Legal basis: Law of the People's Republic of China on the Prevention and Treatment of Infectious Diseases
Article 30 When disease prevention and control institutions, medical institutions, blood collection and supply institutions and their personnel performing their duties discover the epidemic situation of an infectious disease specified in this Law or the outbreak or epidemic of other infectious diseases, or an infectious disease whose cause is unknown, they shall follow the principle of delaying the territorial management of epidemic reporting, and report in accordance with the content, procedures, methods and time limits prescribed by the administrative department of health. When military medical establishments provide medical services to the public and discover the epidemic situation of infectious diseases provided for in the preceding paragraph, they shall report in accordance with the provisions of the administrative department of health.
Article 31 When any unit or individual discovers a patient with an infectious disease or a patient suspected of having an infectious disease, it shall promptly report it to the nearby disease prevention and control institution or medical institution.
Article 32 When disease prevention and control institutions at ports, airports and railways, as well as border health and quarantine organs, discover patients with Class A infectious diseases, pathogen carriers, or suspected infectious disease patients, they shall, in accordance with the relevant provisions of the State, immediately report to the disease prevention and control institutions at the place where the border ports are located or to the local people's health administrative departments at or above the county level where they are located, and notify each other.

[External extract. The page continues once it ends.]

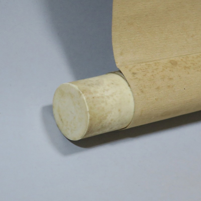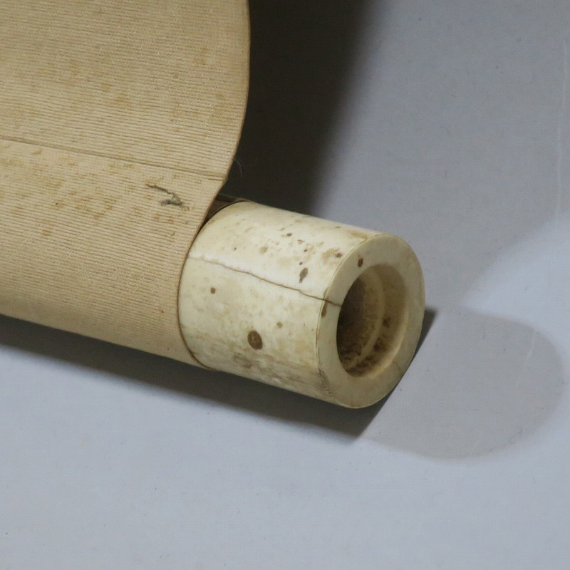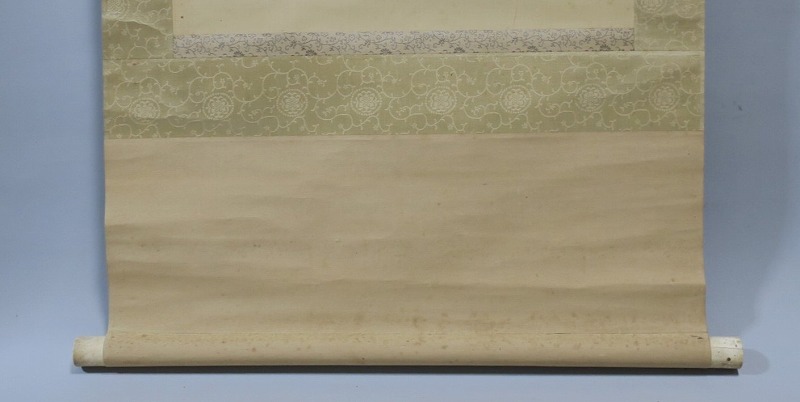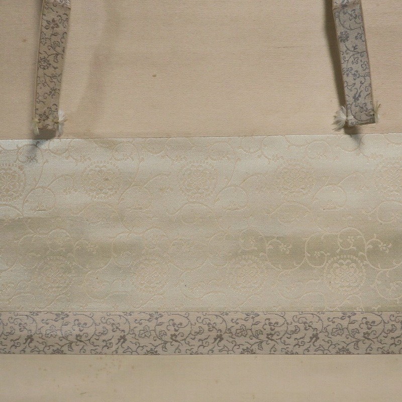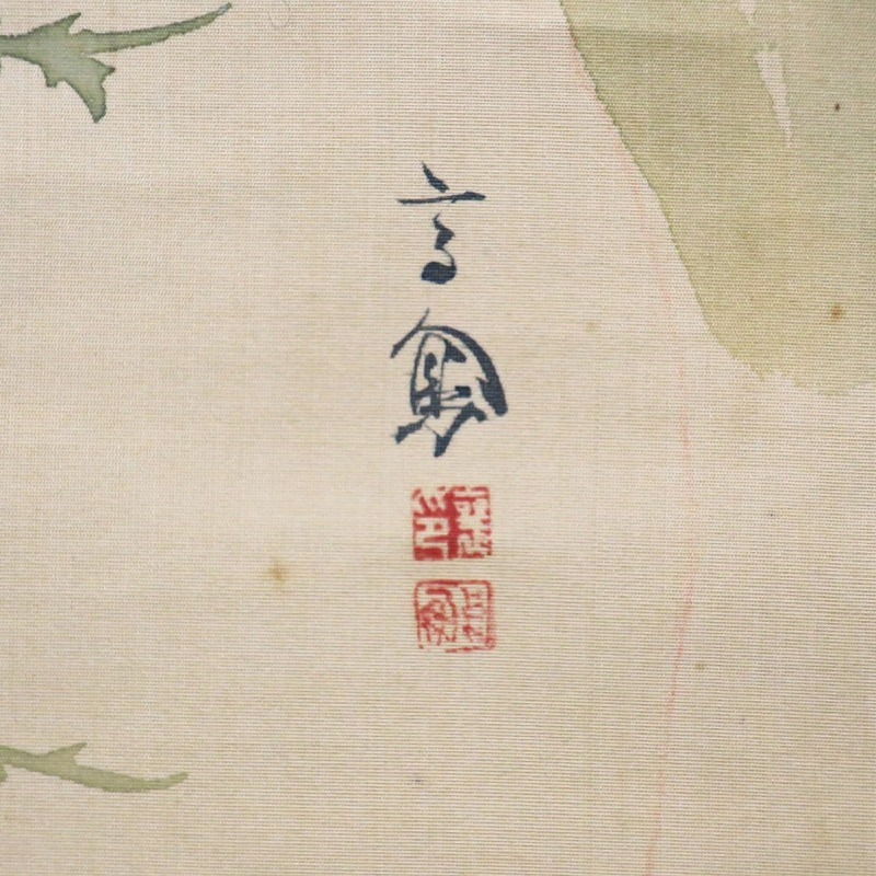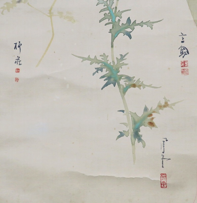 本紙サイズ 縦横 119cm×41cm 絹本肉筆。右の軸先の蓋が欠損し、経年の汚れや染み、折れ、作品の右下(菖蒲の根元)に赤い線の汚れが若干あります。状態は写真でご確認ください。 大正、昭和時代初期に活躍した日本画家の合作です。ワレモコウを描いた伊藤柳荘(いとうりゅうそう、1887年愛知県生まれ)は山本梅莊の弟子、ポピーを描いた前田鳳堂(まえだほうどう、東京生まれ)は野田九浦の弟子です。菖蒲を描いた画家は不明。3人とも花鳥画が得意だったので、本軸を合作したのでしょう。初夏の花が描かれた爽やかな作品。これからの季節にぴったりです。 | ||

Law of the People's Republic of China on Public Security Administration Punishments》 Article 25: Those who commit any of the following acts are to be detained for between 5 and 10 days, and may be concurrently fined up to 500 RMB; where the circumstances are more minor, they are to be detained for up to 5 days or fined up to 500 RMB: (1) Spreading rumors, falsely reporting dangerous situations, epidemics, or police information, or intentionally disrupting public order by other means; (2) Discharging false or toxic, radioactive, corrosive substances, infectious disease pathogens, or other dangerous substances to disrupt public order; (3) Threatening to set fires, or disrupting public order by releasing dangerous substances.